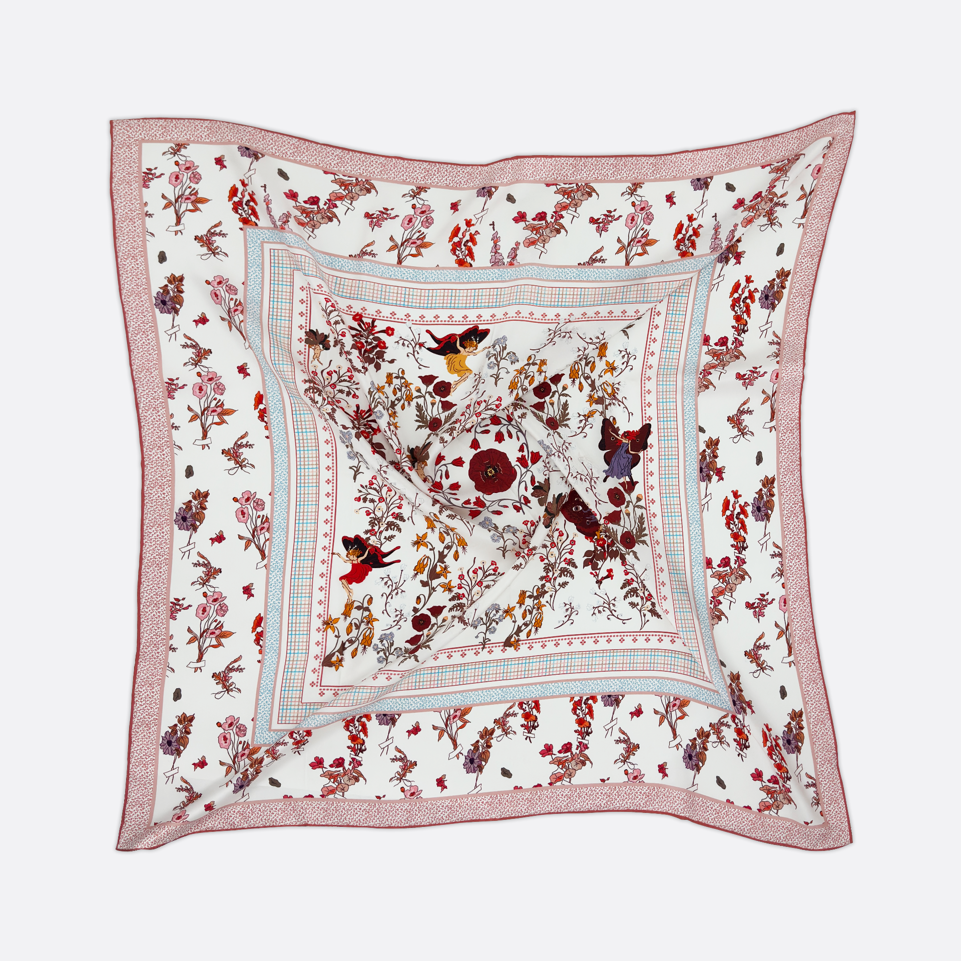 Celebrate the essence of spring with this exquisite silk scarf, adorned with a delicate symphony of blooming florals and fluttering birds. Inspired by the season’s renewal, its intricate design evokes the romance of nature in full bloom. Framed with elegant borders, this timeless piece drapes effortlessly, bringing a breath of fresh elegance to any ensemble.
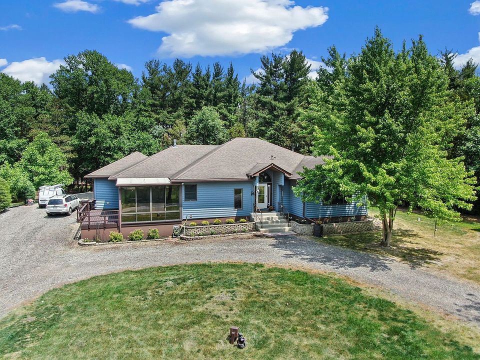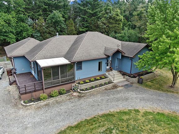Here is a rare opportunity for resort-like privacy and nature's beauty. A 4BD/3BA Ranch home in unincorporated Monee located on a 6 acre wooded lot with tall pine trees includes a 3-acre pond. The property is an oasis to tons of wildlife. 2 sheds and plenty of opportunities for expansion. Two separate, but attached fenced yard spaces with dog door entrance make it an absolute paradise for your dogs. Handyman's dream basement workshop, and 3-car extended heated garage. Truly a private paradise with amazing acreage and picturesque views. The pond is fully stocked with largemouth bass, two bluegill species, catfish and grass carp to eliminate summer algae. A windmill powers two aerators to keep the pond oxygenated and to keep it from freezing solid in the winter. Over 2400 sq feet on the main level with an additional 2200 finished sq. footage in the basement easily to be used for related living space. The lower level provides the huge, vented workshop, cellar for storage, bedroom, full bathroom, and a space easily converted to a kitchen. Plenty of space with RV connection, store your ATV's, canoes, boats and so much more. "Moosedog Lake" provides fun for fishing, kayaking, picnics, bonfires and large gatherings. Irrigation extends to a perfect area for future gardens. Enjoy captivating views with your western exposure. The home also comes with a Generac whole house generator. It has been professionally cleaned to be move-in ready. Do not miss out on this one-of-a-kind Gem!! Location: very close to I-57, Amazon, Carvana, and Governors State U. Situated at the end of the cul-de-sac in an unincorporated area between Monee and Crete. PRICED TO SELL, DO NOT MISS OUT ON THIS OPPORTUNITY!!!
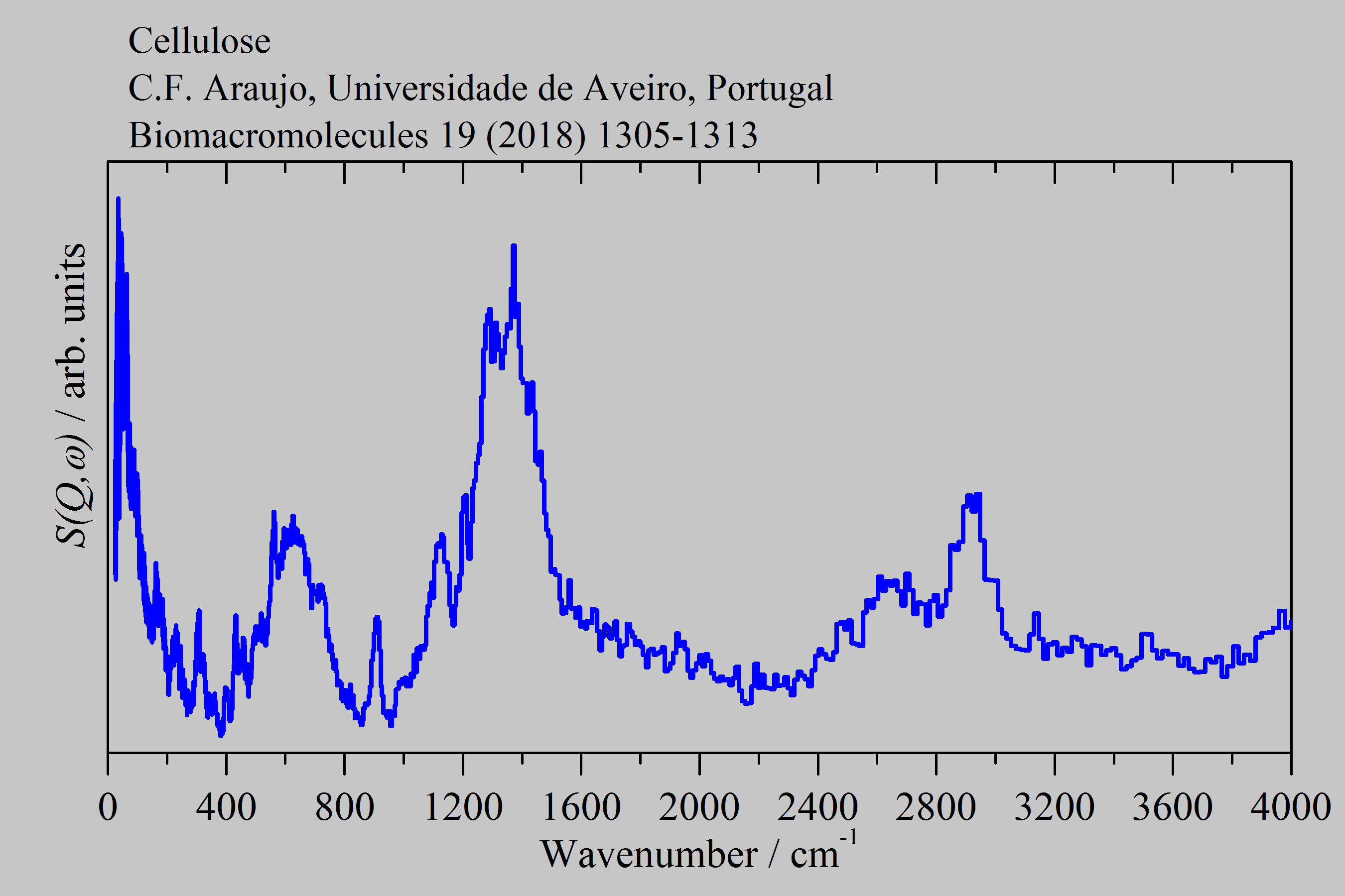 Inelastic Neutron Scattering spectrum of Cellulose, (C6H10O5)n, measured on the TOSCA instrument.

◇ ◇ ◇ ◇ ◇

PROBLEM DETAILS — Repeat the data above exactly, but not the pictures.

EXERCISE SOLUTION —
 Celebrate the essence of spring with this exquisite silk scarf, adorned with a delicate symphony of blooming florals and fluttering birds. Inspired by the season’s renewal, its intricate design evokes the romance of nature in full bloom. Framed with elegant borders, this timeless piece drapes effortlessly, bringing a breath of fresh elegance to any ensemble.
Here is a rare opportunity for resort-like privacy and nature's beauty. A 4BD/3BA Ranch home in unincorporated Monee located on a 6 acre wooded lot with tall pine trees includes a 3-acre pond. The property is an oasis to tons of wildlife. 2 sheds and plenty of opportunities for expansion. Two separate, but attached fenced yard spaces with dog door entrance make it an absolute paradise for your dogs. Handyman's dream basement workshop, and 3-car extended heated garage. Truly a private paradise with amazing acreage and picturesque views. The pond is fully stocked with largemouth bass, two bluegill species, catfish and grass carp to eliminate summer algae. A windmill powers two aerators to keep the pond oxygenated and to keep it from freezing solid in the winter. Over 2400 sq feet on the main level with an additional 2200 finished sq. footage in the basement easily to be used for related living space. The lower level provides the huge, vented workshop, cellar for storage, bedroom, full bathroom, and a space easily converted to a kitchen. Plenty of space with RV connection, store your ATV's, canoes, boats and so much more. "Moosedog Lake" provides fun for fishing, kayaking, picnics, bonfires and large gatherings. Irrigation extends to a perfect area for future gardens. Enjoy captivating views with your western exposure. The home also comes with a Generac whole house generator. It has been professionally cleaned to be move-in ready. Do not miss out on this one-of-a-kind Gem!! Location: very close to I-57, Amazon, Carvana, and Governors State U. Situated at the end of the cul-de-sac in an unincorporated area between Monee and Crete. PRICED TO SELL, DO NOT MISS OUT ON THIS OPPORTUNITY!!!
 Inelastic Neutron Scattering spectrum of Cellulose, (C6H10O5)n, measured on the TOSCA instrument.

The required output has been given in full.